Here's an example BankAccount class that protects its balance with by being a monitor:
class BankAccount {
private int balance;
public BankAccount(int initialBalance) {
balance = initialBalance;
}
public synchronized void deposit(int amount) {
balance += amount;
}
public synchronized void withdraw(int amount) {
balance -= amount;
}
public synchronized int getBalance() {
return balance;
}
}
Notice that other than adding a keyword to our code, we didn't have to do anything special to make this class thread-safe, which contrasts with semaphores, where we'd have to declare a semaphore variable for each object, initialize it to the right value, and then remember to acquire and release the semaphore in the right places.

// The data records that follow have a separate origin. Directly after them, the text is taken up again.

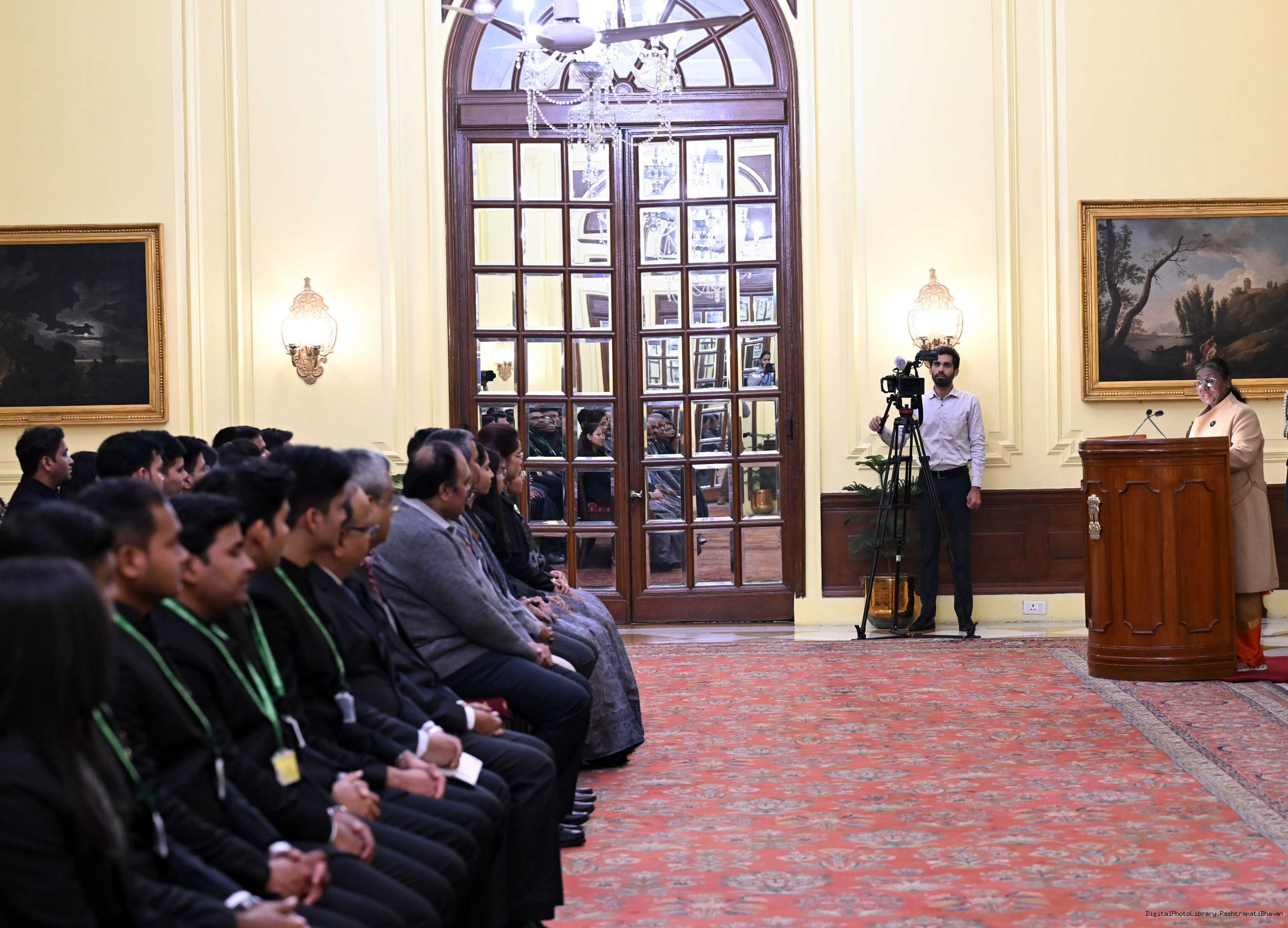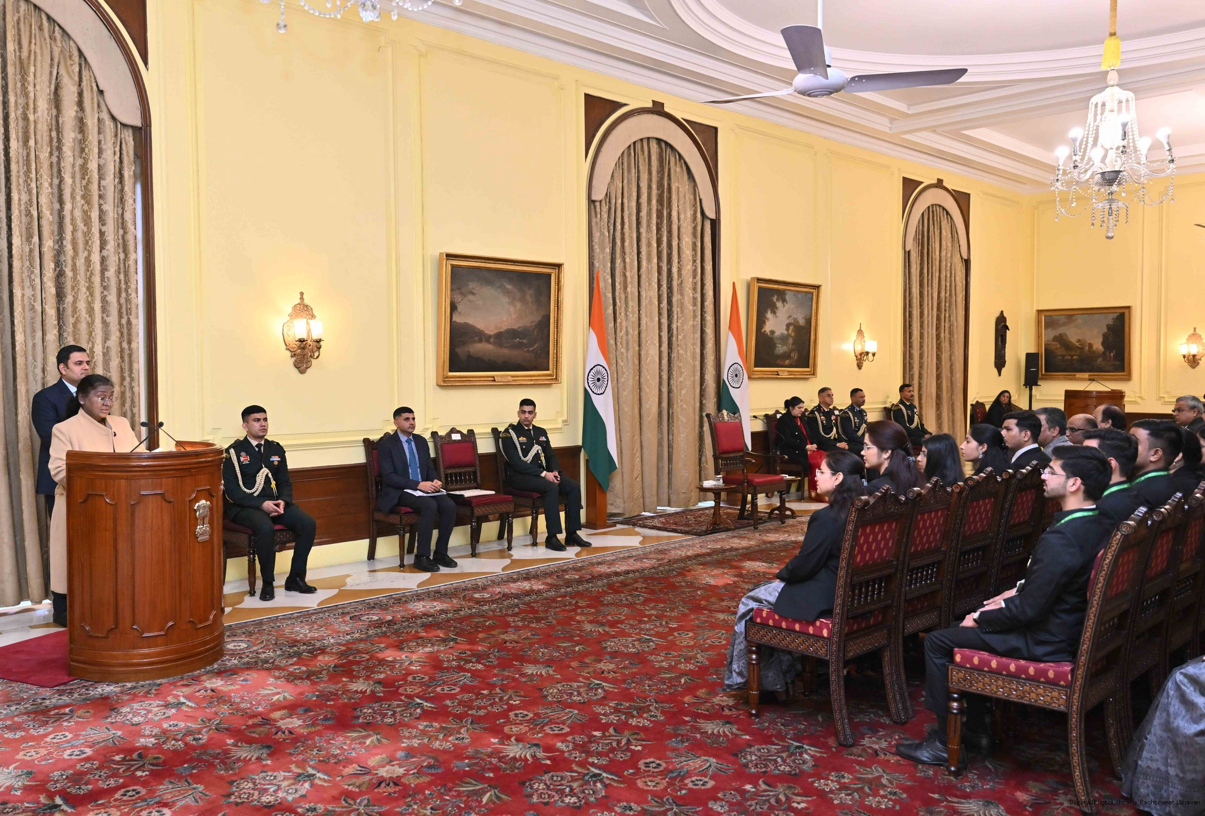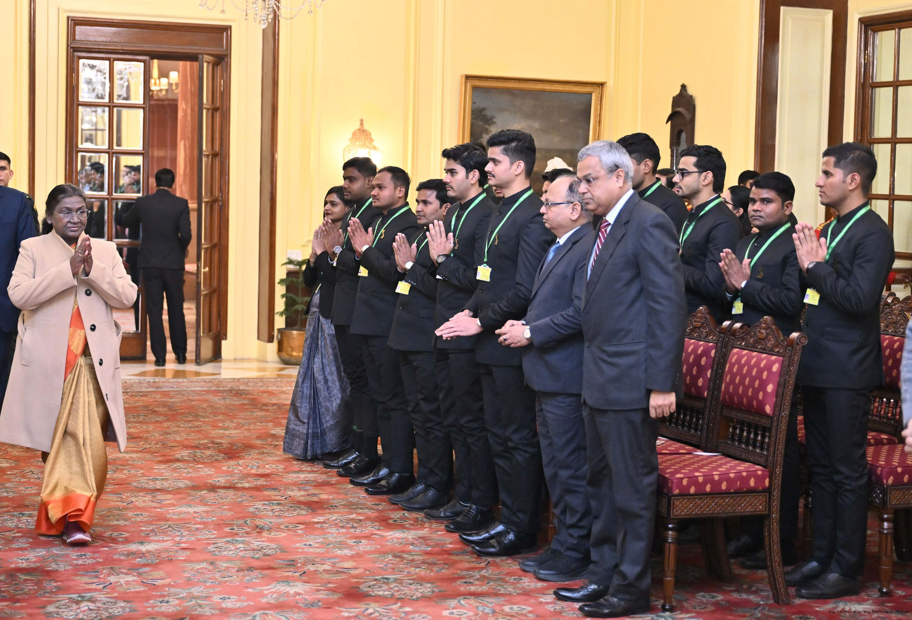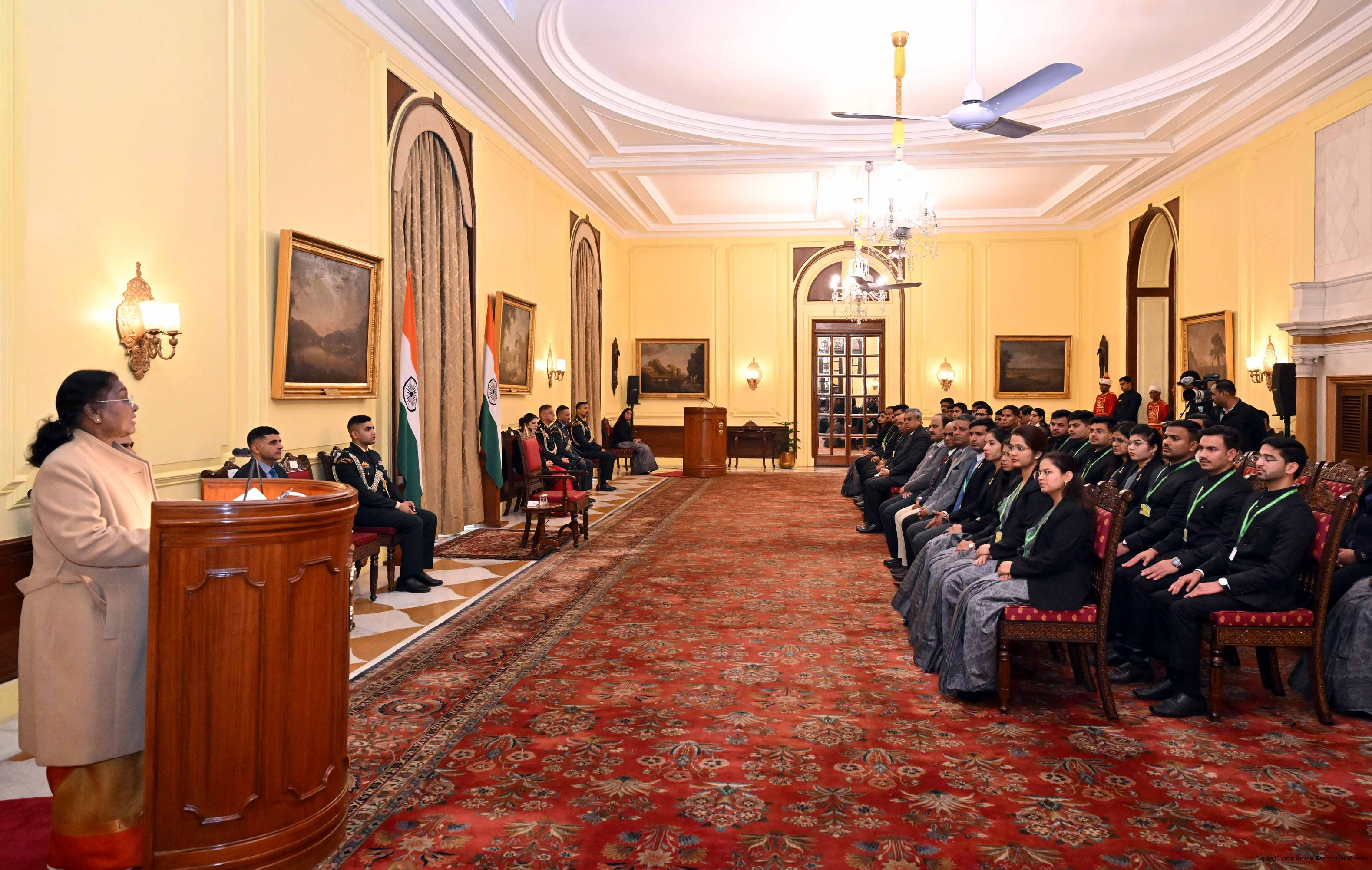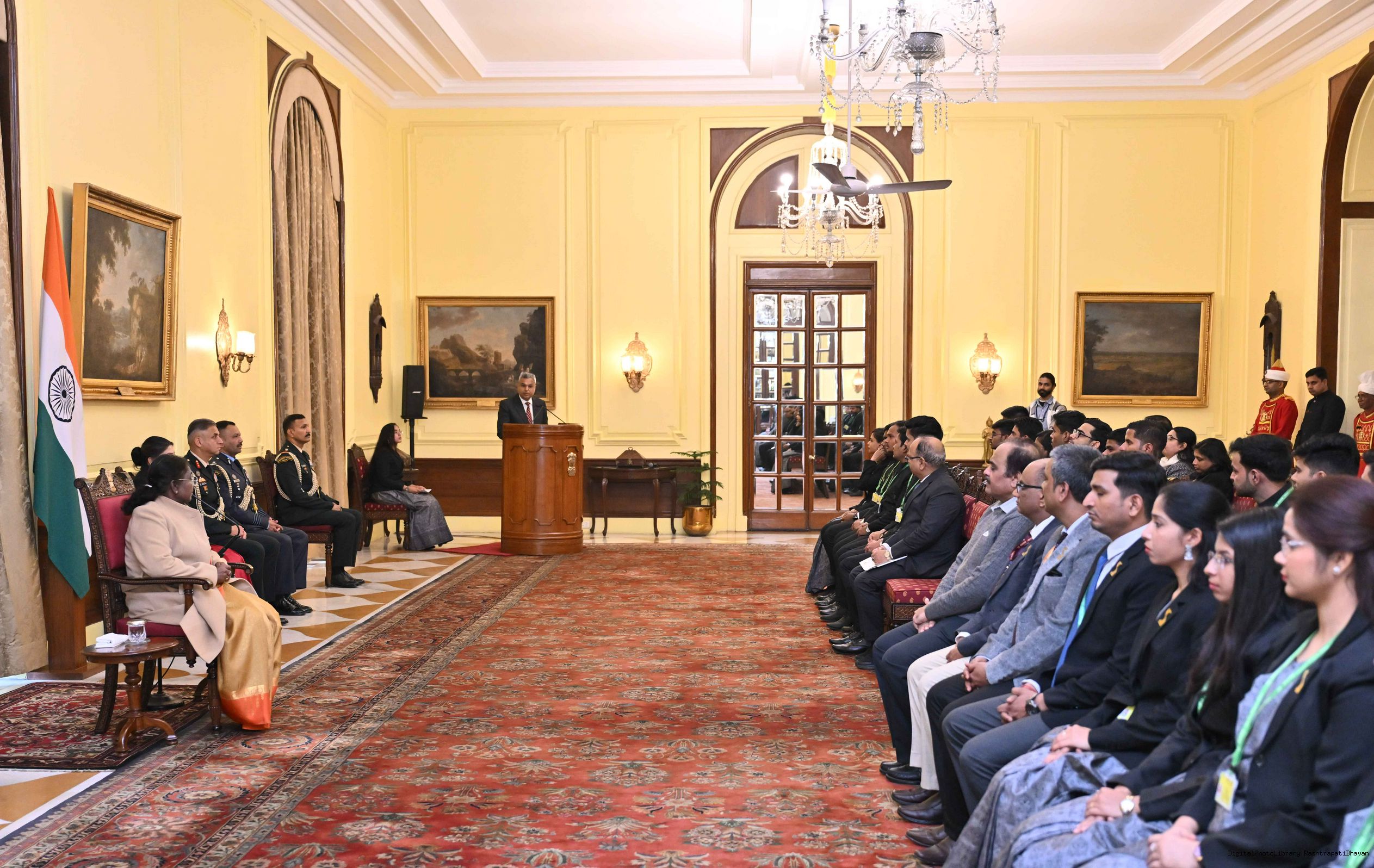 | Caption: | A group of Indian Statistical Service (ISS) probationers (2024 batch) called on the President of India, Smt Droupadi Murmu at Rashtrapati Bhavan on January 14, 2025. |
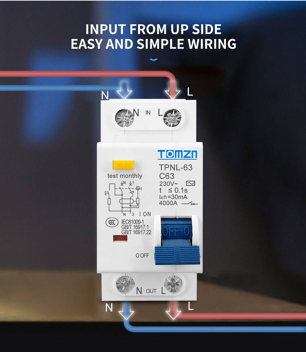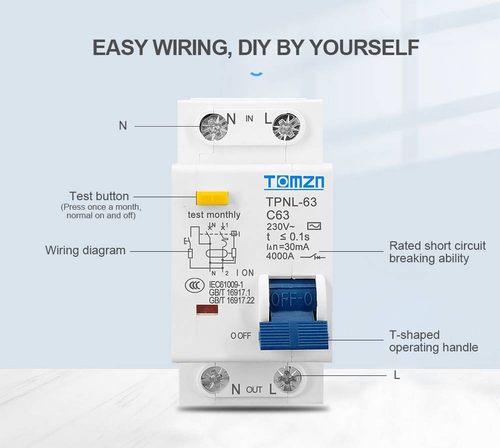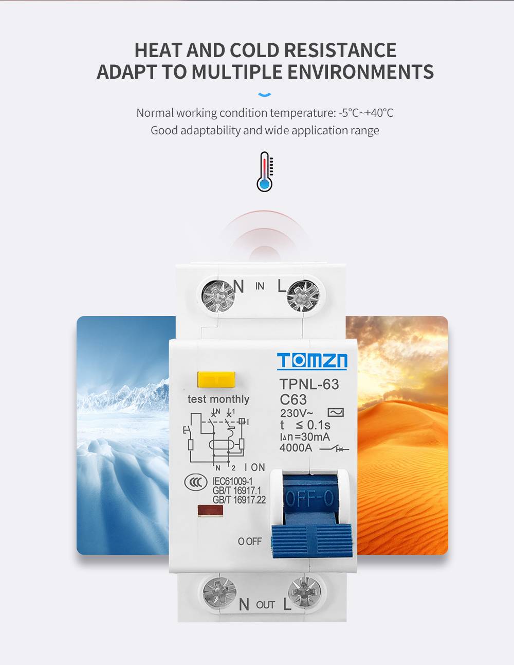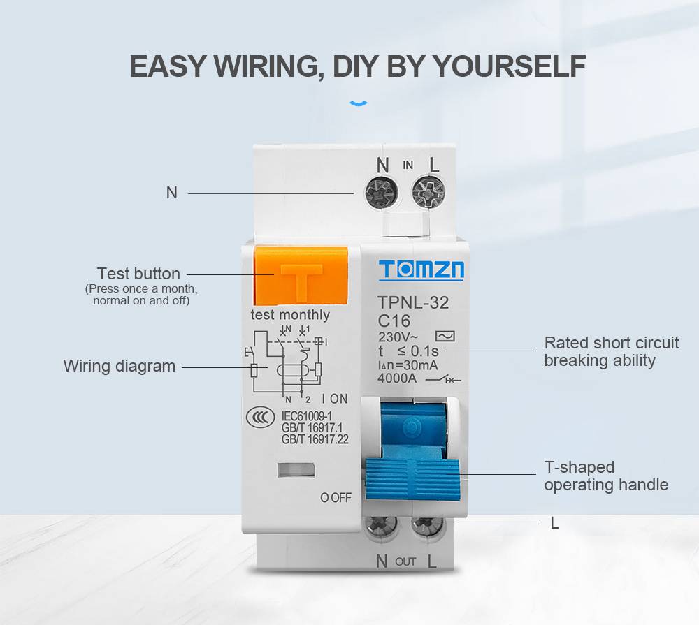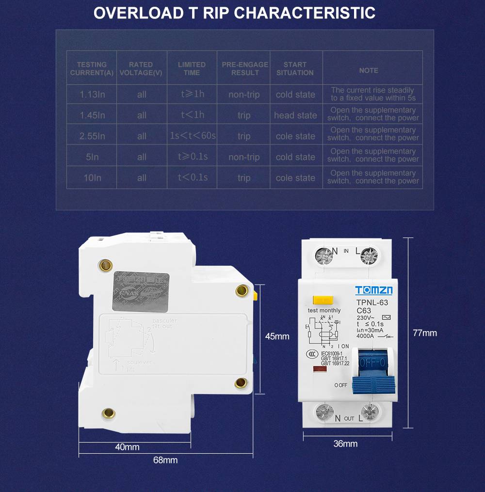 TPNL漏电保护断路器,TPNL漏电保护断路器(相线+中性线+ +过载电压)泄漏保护断路器用于单相住宅电路的交流50 hz / 60 hz,额定电压220 v,用作电子冲击保护。它可以保护公民电子电路过载和短路。本产品具有体积小、分断能力高零,和现场电线把同时都剪掉,也保护个人免受电击时livewire连接相反。
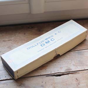 古いDMCの刺繍糸。Blanc Neige(白い雪)色です。デッドストックの糸が12本入っています。箱に多少ダメージがあります。
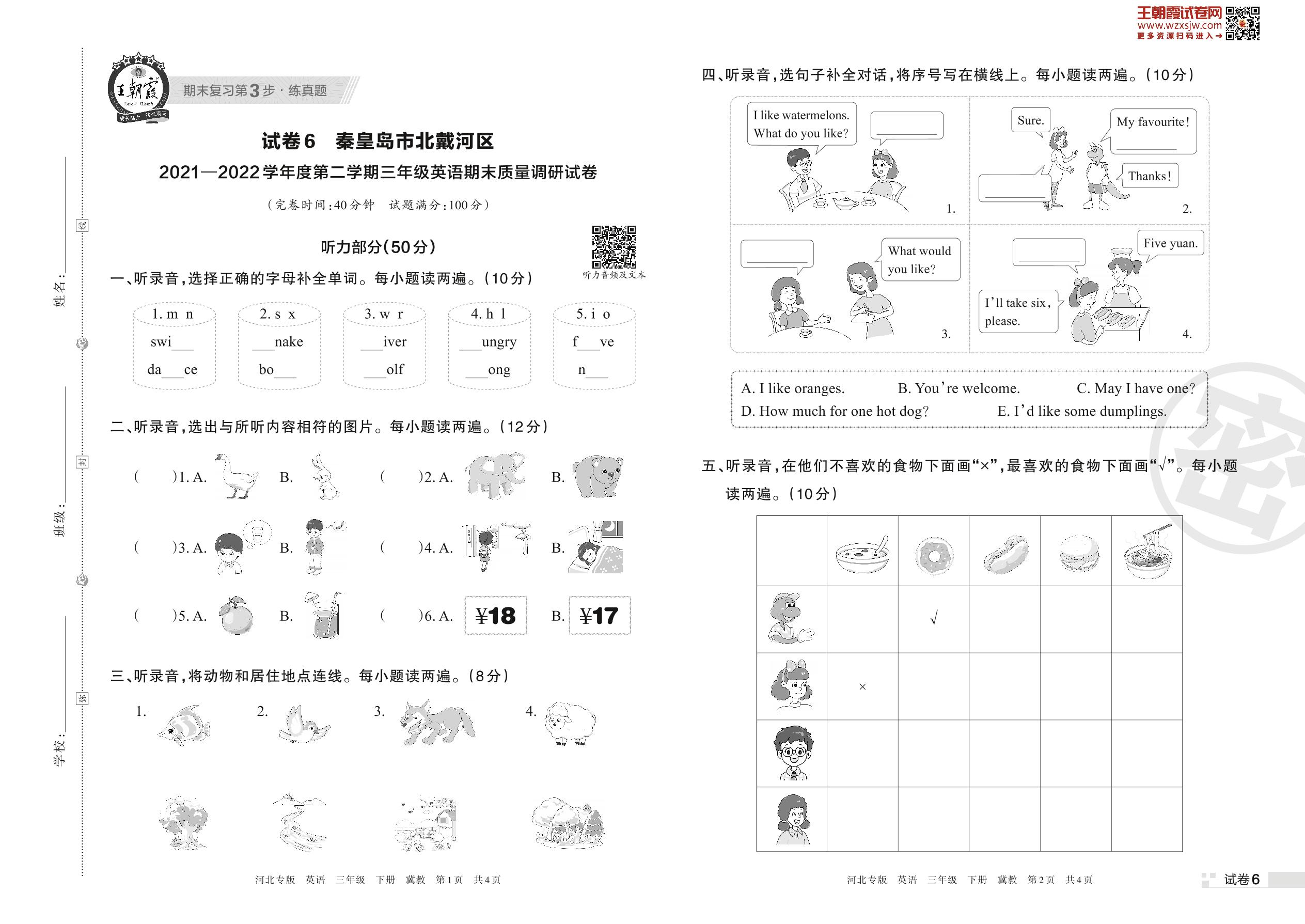 秦皇岛市北戴河区2021—2022学年度第二学期三年级英语期末质量调研试卷(冀教版)【6】
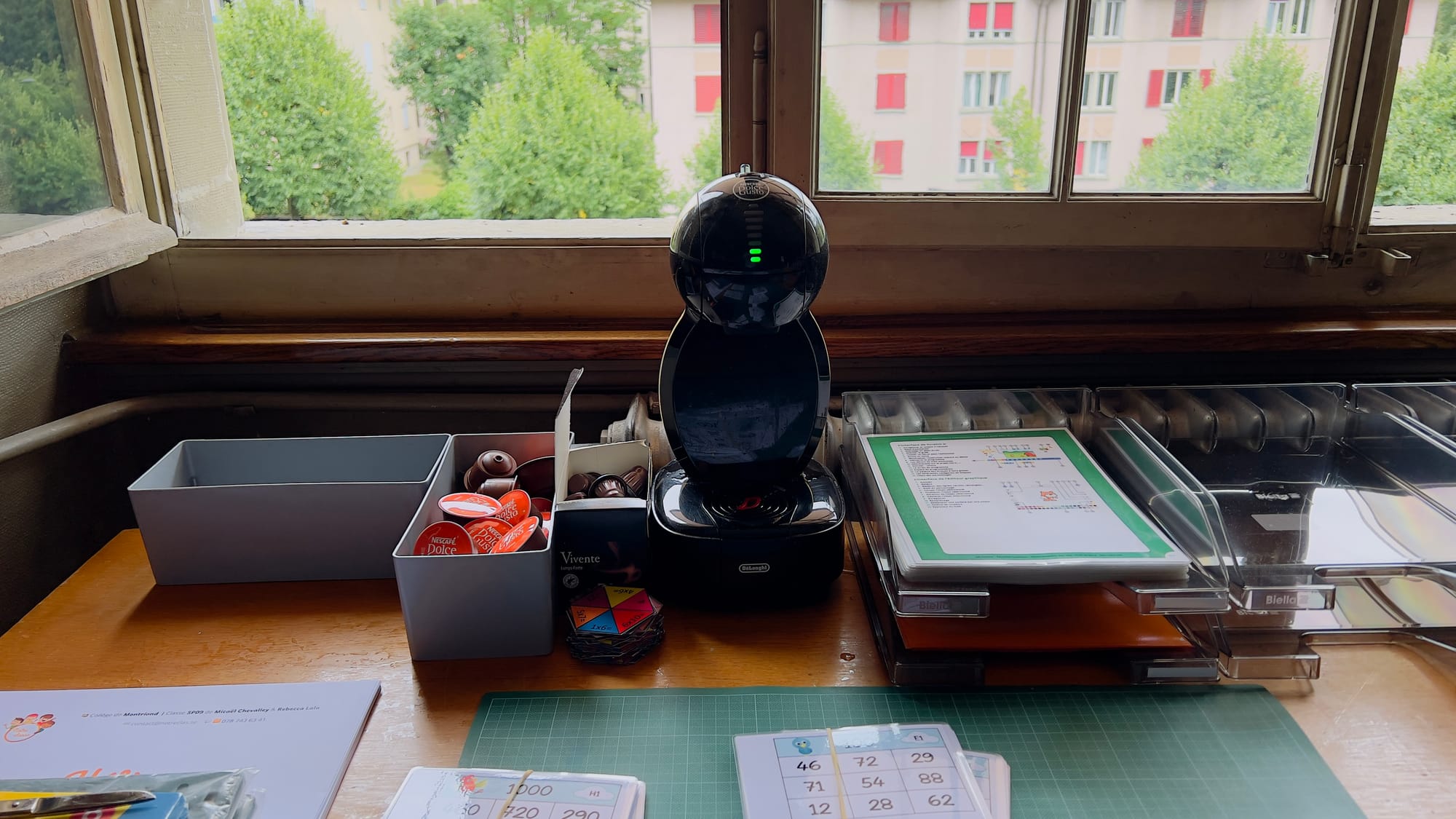 Après ma journée de création hier, j’ai de quoi travailler aujourd’hui. Mauvaise idée ! Un collège n’ayant pas encore le matériel d’impression, toute l’équipe a investi notre petit économat ! Moi qui n’aime pas être entouré de près, bousculé, et limité dans mes interactions, je suis servi ! Promis, je garderai mes bonnes habitudes : tôt le matin, il n’y a personne !
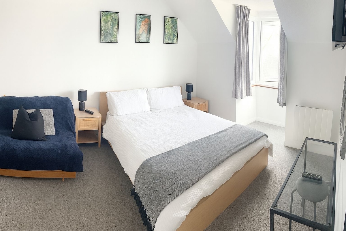 The Honey Bee, en Exmouth Devon Sin gastos de limpieza. Anexo privado, que consta de 3 habitaciones. Dormitorio/comedor, cama tamaño king o dos individuales, inodoro, ducha y cocina. Jardín delantero, aparcamiento privado gratuito. Disfruta del paquete de bienvenida con comida/bebida, etc. para empezar. A 1,8 millas de la playa, a 1,2 millas del centro de la ciudad, cerca de pubs, bares y restaurantes. Hay tanto que ver y hacer aquí. Realmente queremos que disfrutes de tu estancia y de todo lo que Exmouth y las áreas circundantes tienen para ofrecer.

But behind the scenes, Java is using semaphores or something like them, right?
Right. Monitors are a higher-level abstraction that can be implemented using semaphores or other lower-level synchronization primitives.
The key is that it's easy to use monitors, and less error-prone. I like it when people make things easier for me!
It solves the critical section problem, but is it good enough to do the producer–consumer problem?
-
Let's see…
Producer–Consumer, First Try
Here's a first crack at recreating the producer–consumer problem we did on the previous page using C and semaphores, but this time using Java with a monitor class BoundedBuffer.
Your goal is to skim this code and get the big ideas, not carefully check every detail.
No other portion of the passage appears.